Polar reversals refer to a situation when the compass could point to the south instead of the north. Scientists estimate that the Earth’s Magnetic field takes an estimated 200,000 to 300,000 years to flip polarity. The flip, however, takes thousands of years. The discovery that the Earth’s magnetic field has flipped in the past was made after sampling cooled magma that flew up out of the Mid-Atlantic Ridge which pushes Continental Europe and North America apart. After the magma cooled, it retained the magnetic field from which it was immersed. A sample of the magma indicated an alternating pattern of residual magnetism. Sample collected close to the ridge showed a magnetic field that was similar to that of the earth at the present day while the sample that was collected further from the ridge revealed a magnetic field that was opposite from that of the first sample collected close to the ridge. Another sample collected even further away from the second sample revealed a magnetic field change.

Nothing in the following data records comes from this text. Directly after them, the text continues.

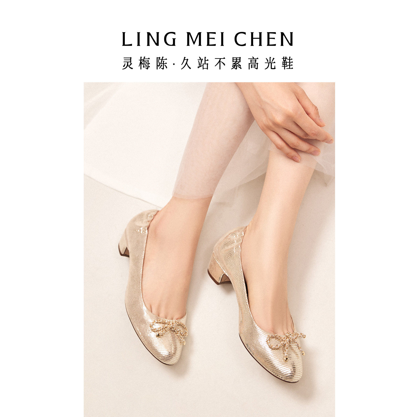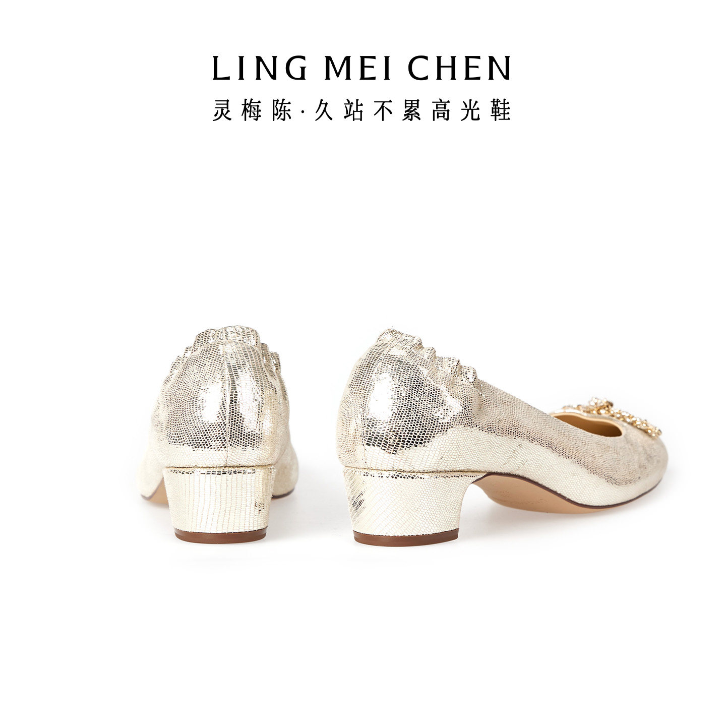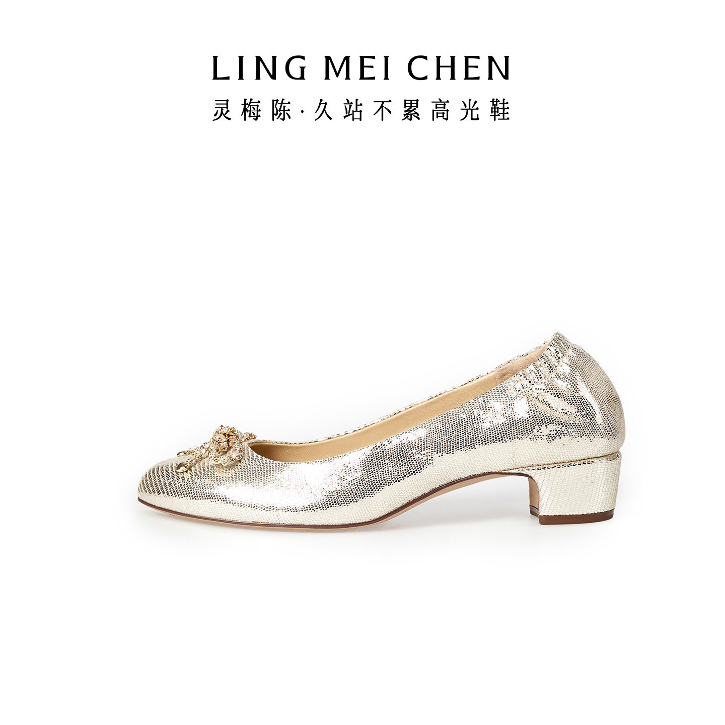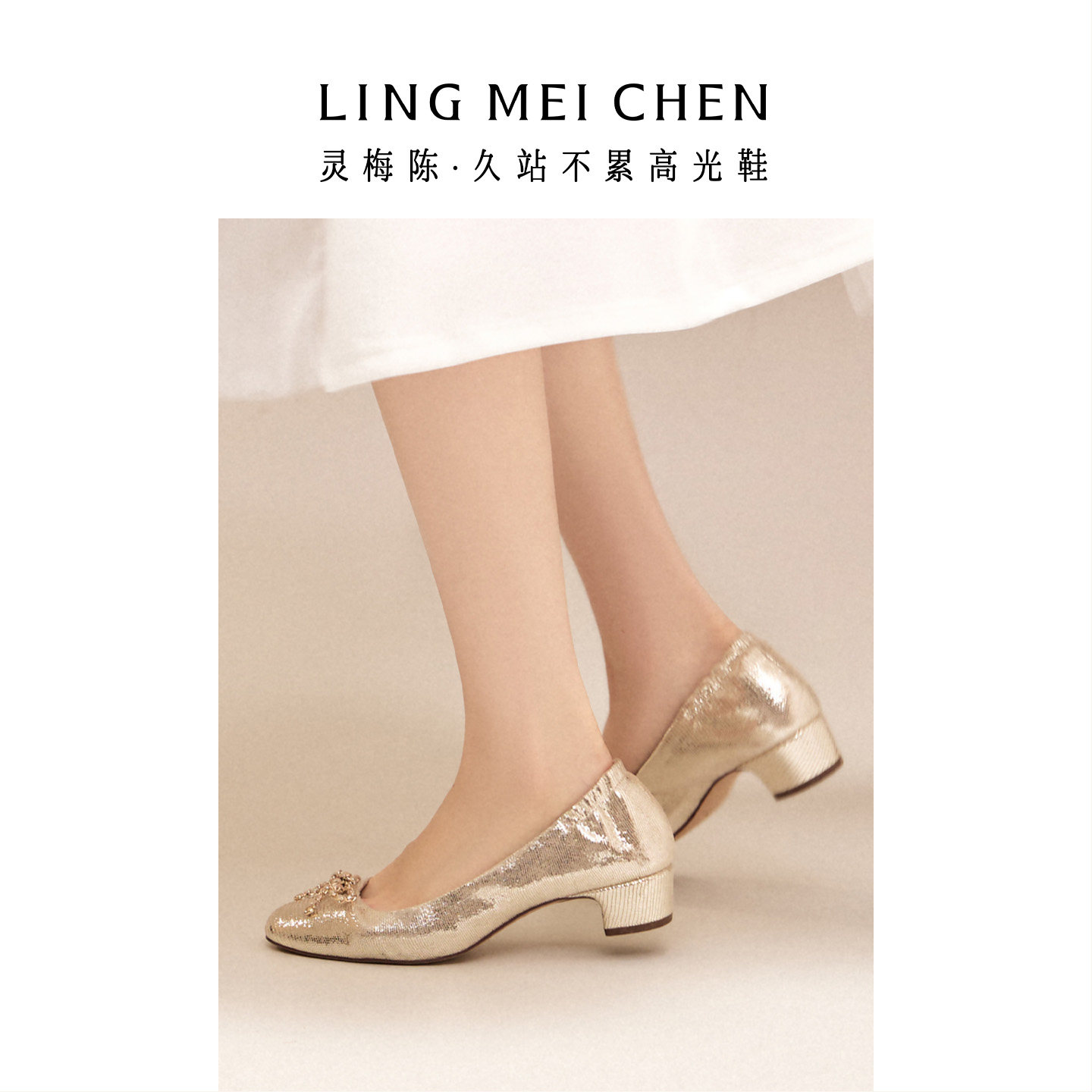 LINGMEICHEN芭蕾高跟鞋羊皮粗跟蛋卷鞋金色真皮单鞋圆头平底鞋女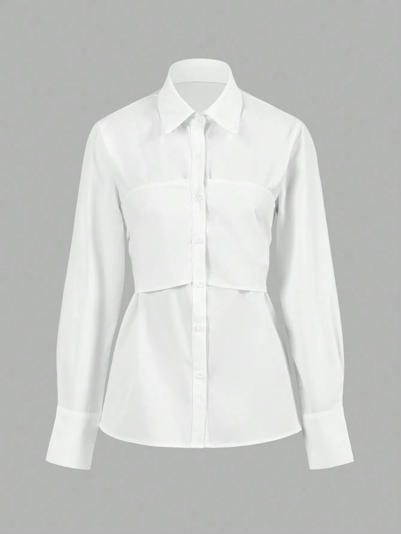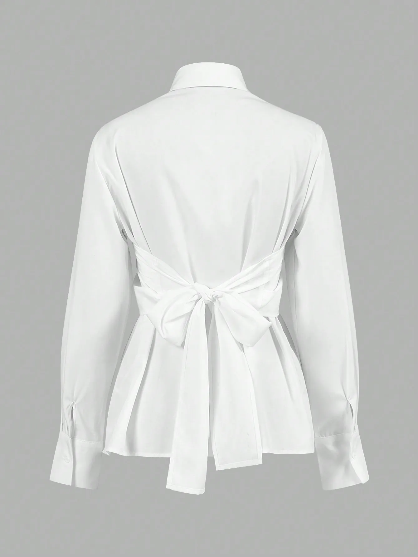 SMY Privé Women’s Casual Solid Color Drawstring Waist Shirt, Autumn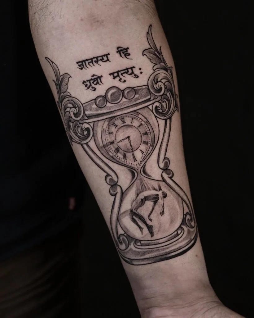 This profound hourglass tattoo features intricate ornamental details and a bold Sanskrit inscription at the top: “जातस्य हि ध्रुवो मृत्यु:” — meaning “The only certainty in life is death.” A classic clock face appears inside the upper part of the hourglass, symbolizing the relentless passage of time.
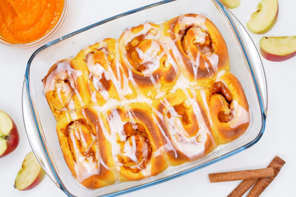 Kürbis-Zimt Schnecken mit Apfelfüllung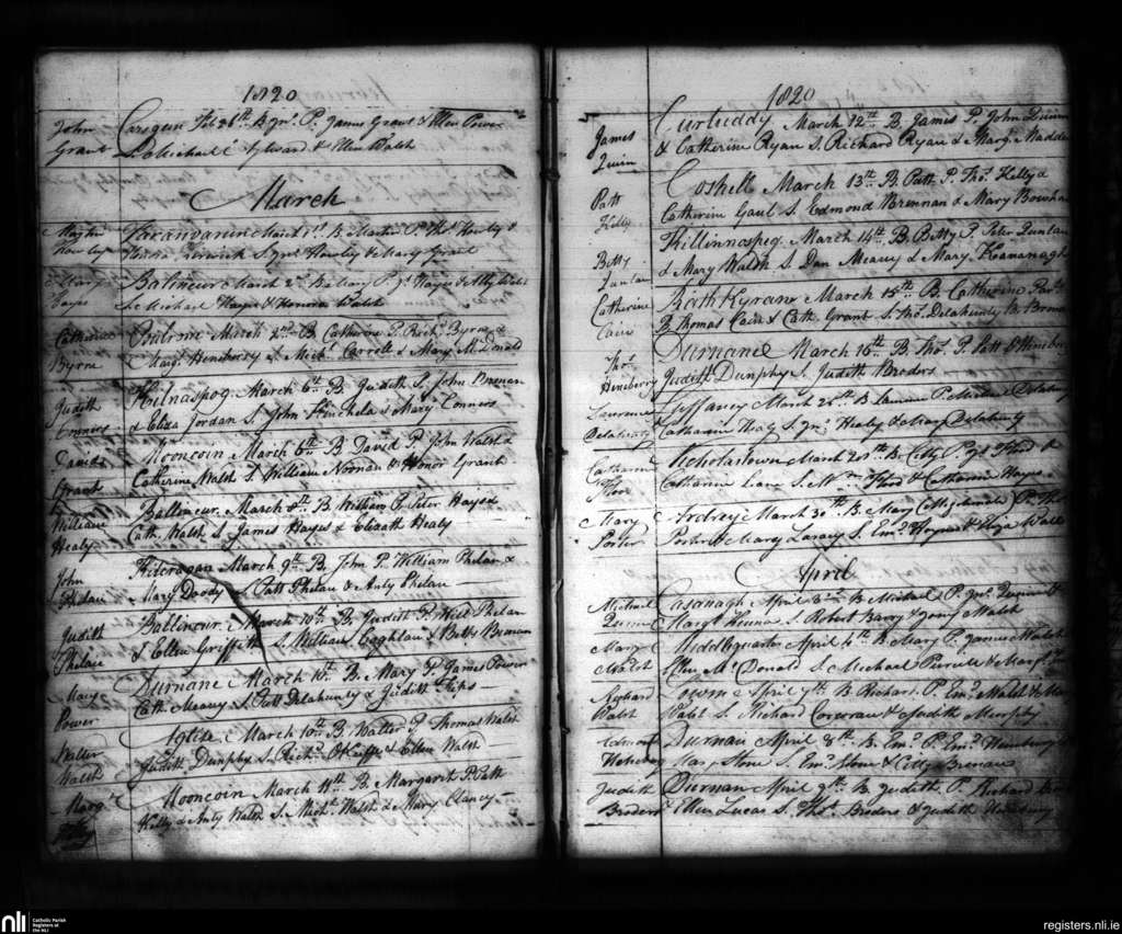 Carrigeen and Mooncoin; County of Kilkenny; Diocese of Ossory. Baptisms, Feb. 1820 to Apr. 1820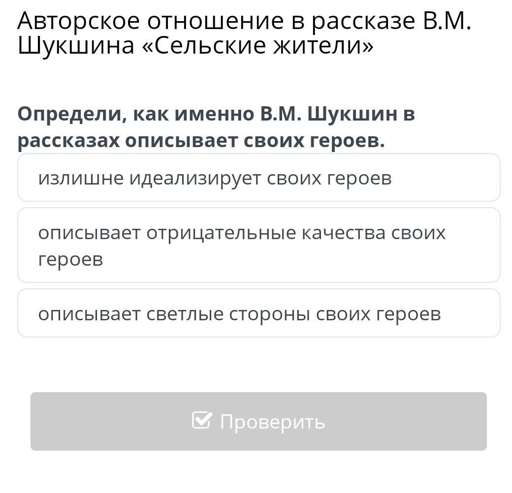 Авторское отношение в рассказе В.М. Шукшина «Сельские жители» Определи, как именно В.М. Шукшин в рассказах описывает своих героев. излишне идеализирует своих героев описывает отрицательные качества своих героев описывает светлые стороны своих героев можно пожалуйста все ответы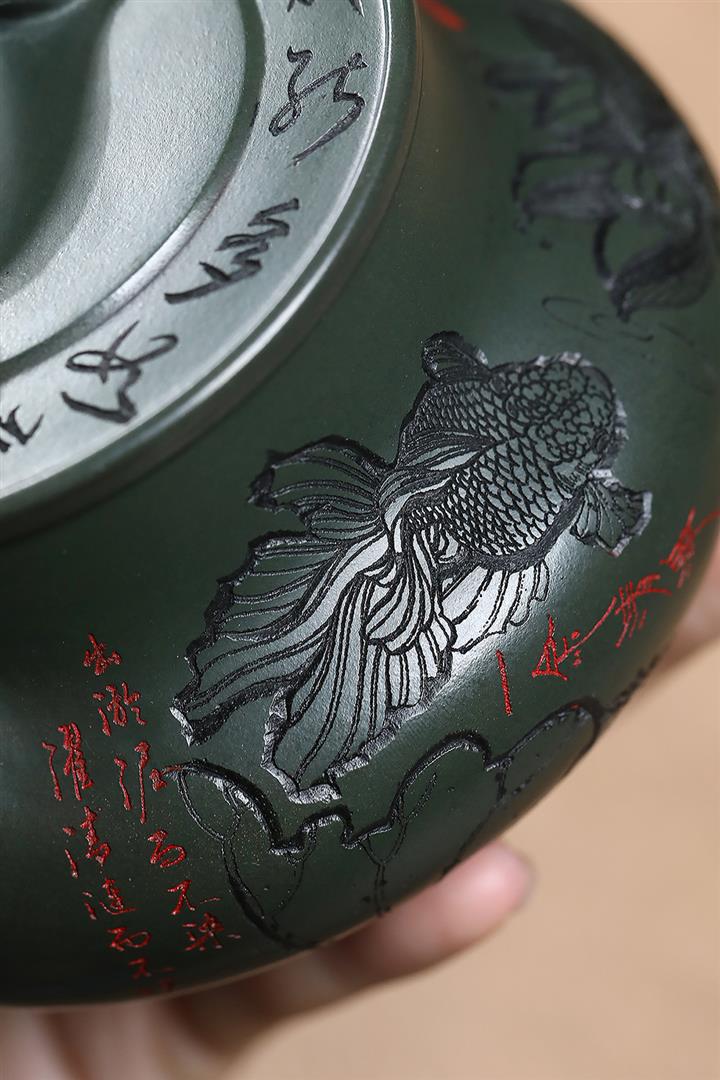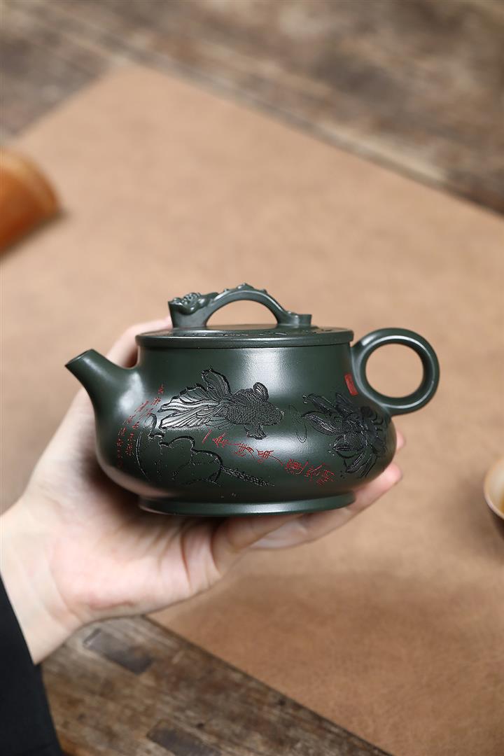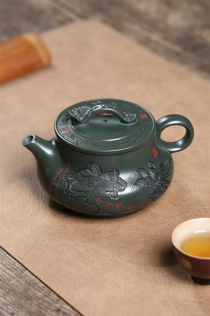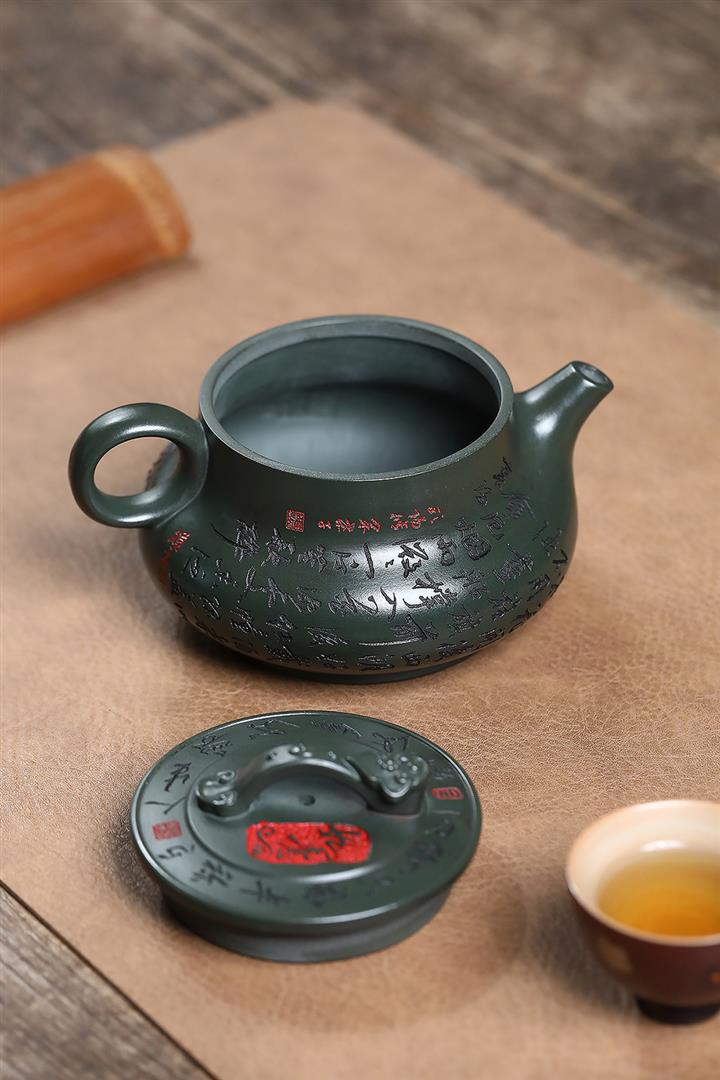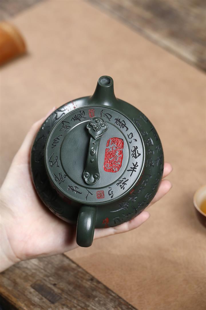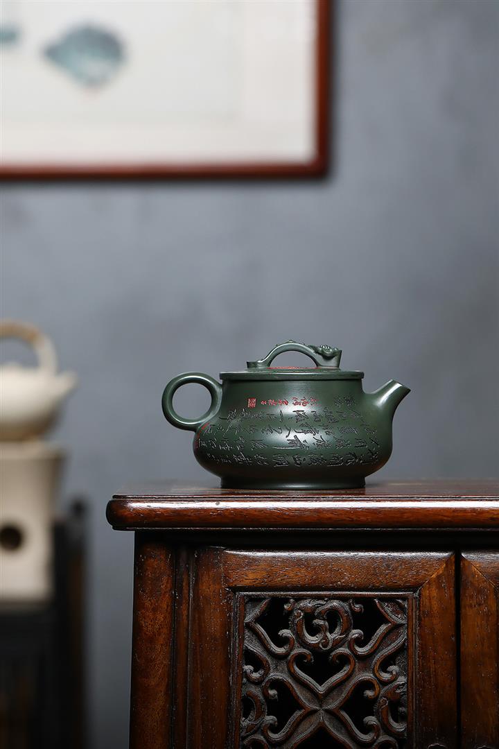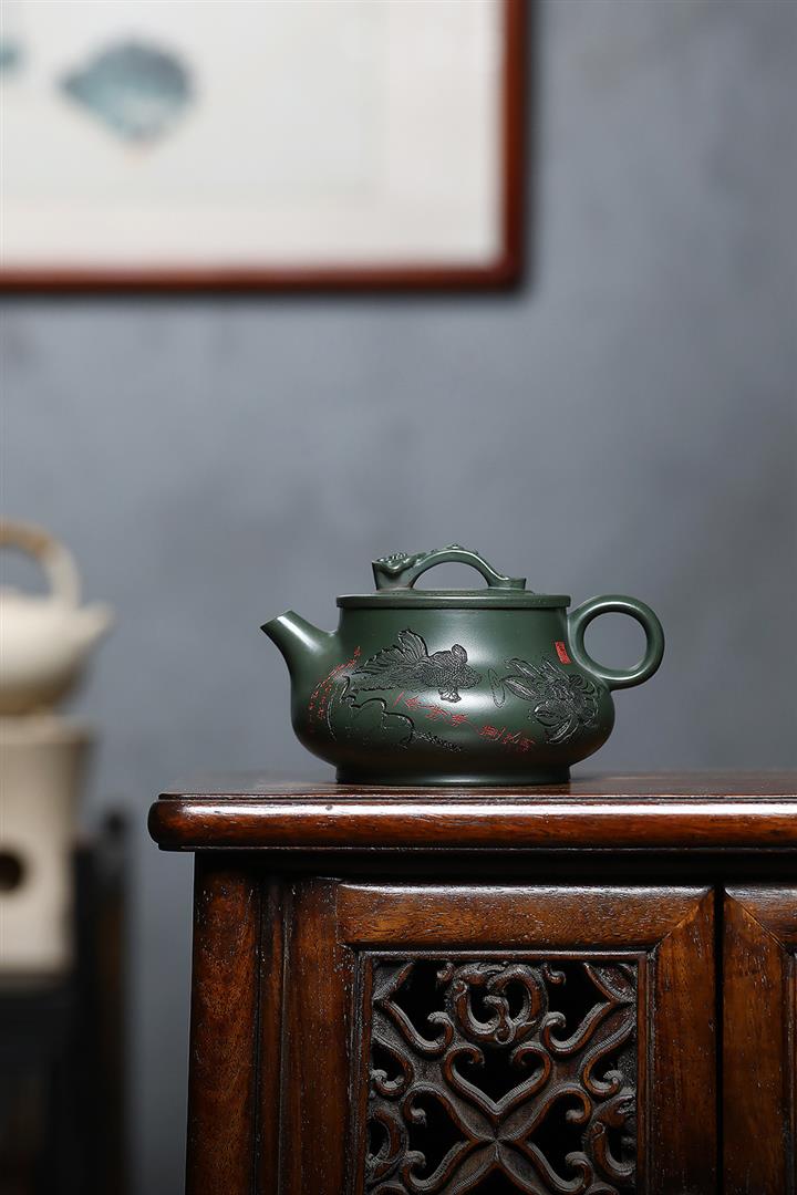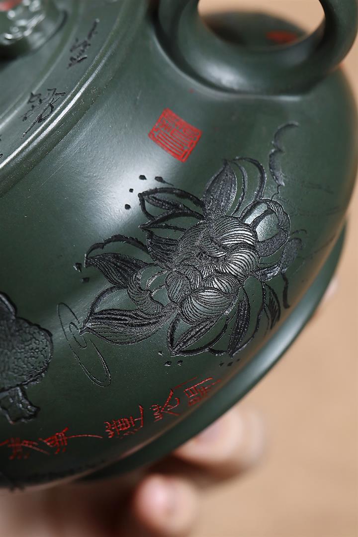 原礦綠泥刻繪如意潘壺茶壺POT7197

Ellipses of the Magnetic North

Usually, the location of the magnetic north forms an ellipse-like shape at any given day. The ellipse can vary due to the influences of the Sun. When the Sun impacts the magnetic field surrounding the earth considerably, the ellipse becomes large on what is referred to as "disturbed days."

The World Magnetic Model

To track the changes of the Magnetic North, the British Geological Survey and the US National Oceanic and Atmospheric Administration created the World Magnetic Model. The World Magnetic Model is updated every five years with the last update having been done in 2015. In between the updates, the accuracy of data is verified against the European Space Agency Swarm Mission which consists of magnetic-field mapping satellites that move around the earth about 15 times a day. The data is also verified against ground magnetic observatories. Scientists expect the Magnetic North Pole will continue its movement. Keeping up with the variation in the rate at which the Magnetic North Pole is moving is proving to be challenging.